Given:
The equation of a circle is
[tex]10y+x^2=-18+5x-y^2[/tex]
To find:
The center and radius of the given equation by completing the square.
Solution:
The standard form of a circle is
[tex](x-h)^2+(y-k)^2=r^2[/tex] ...(i)
where, (h,k) is center and r is radius of the circle.
We have,
[tex]10y+x^2=-18+5x-y^2[/tex]
It can be written as
[tex](x^2-5x)+(y^2+10y)=-18[/tex]
[tex]\left(x^2-5x+\left(\dfrac{5}{2}\right)^2\right)+\left(y^2+10y+\left(\dfrac{10}{2}\right)^2\right)=-18+\left(\dfrac{5}{2}\right)^2+\left(\dfrac{10}{2}\right)^2[/tex]
[tex]\left(x-\dfrac{5}{2}\right)^2+\left(y^2+10y+5^2\right)=-18+\dfrac{25}{4}+5^2[/tex]
[tex]\left(x-\dfrac{5}{2}\right)^2+(y+5)^2=-18+\dfrac{25}{4}+25[/tex]
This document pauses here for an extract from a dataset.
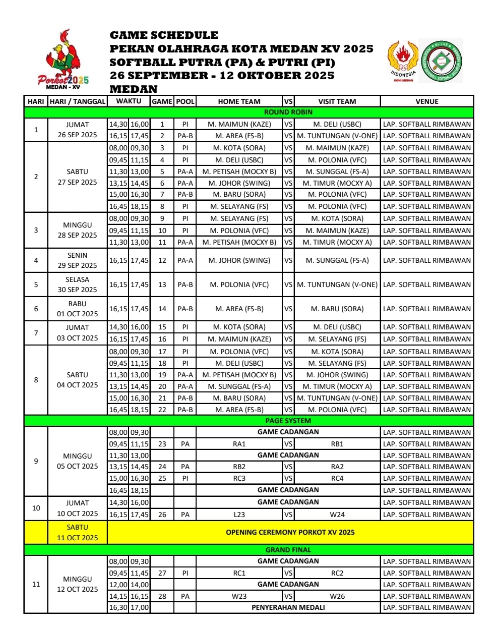 Tim SoftballPutri Kecamatan Medan Kotadipimpin oleh sang kapten, Tri Teguh Mahdata, tim Medan Kota tampil solid sejak awal. Kemenangan pertama diraih saat berhadapan dengan tim Medan Maimun dengan skor meyakinkan 11–3. Laga berikutnya kembali memperlihatkan dominasi Medan Kota setelah menundukkan Medan Selayang dengan skor telak 13–0. Pertandingan ketiga berlangsung sengit, namun Medan Kota berhasil memastikan kemenangan tipis 6–5 atas Medan Deli.
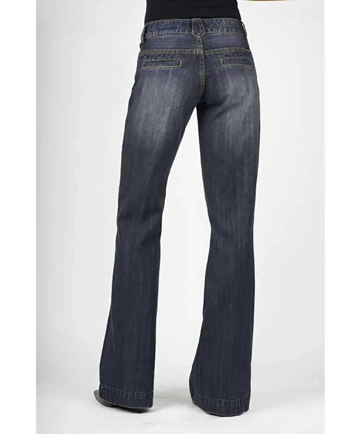 Introducing the Women's Bellville City Trouser by Stetson, designed for those who appreciate both style and comfort. These blue trousers feature a relaxed fit with a moderately fitted thigh and a slightly flared leg, perfect for a Western-inspired spring look. Made from 100% cotton, they boast a dark wash and two exposed button closure along the waist for a distinctive touch. Crafted for vacations and everyday wear, these trousers are recommended for hand washing, combining practicality with timeless style.

[tex]\left(x-\dfrac{5}{2}\right)^2+(y+5)^2=\dfrac{-72+25+100}{4}[/tex]
[tex]\left(x-\dfrac{5}{2}\right)^2+(y+5)^2=\dfrac{53}{4}[/tex]
[tex]\left(x-\dfrac{5}{2}\right)^2+(y+5)^2=\left(\dfrac{\sqrt{53}}{2}\right)^2[/tex] ...(ii)
On comparing (i) and (ii), we get
[tex]h=\dfrac{5}{2},k=-5,r=\dfrac{\sqrt{53}}{2}[/tex]
Therefore, the center is [tex]\left(\dfrac{5}{2},-5\right)[/tex] and the radius is [tex]\dfrac{\sqrt{53}}{2}[/tex] units.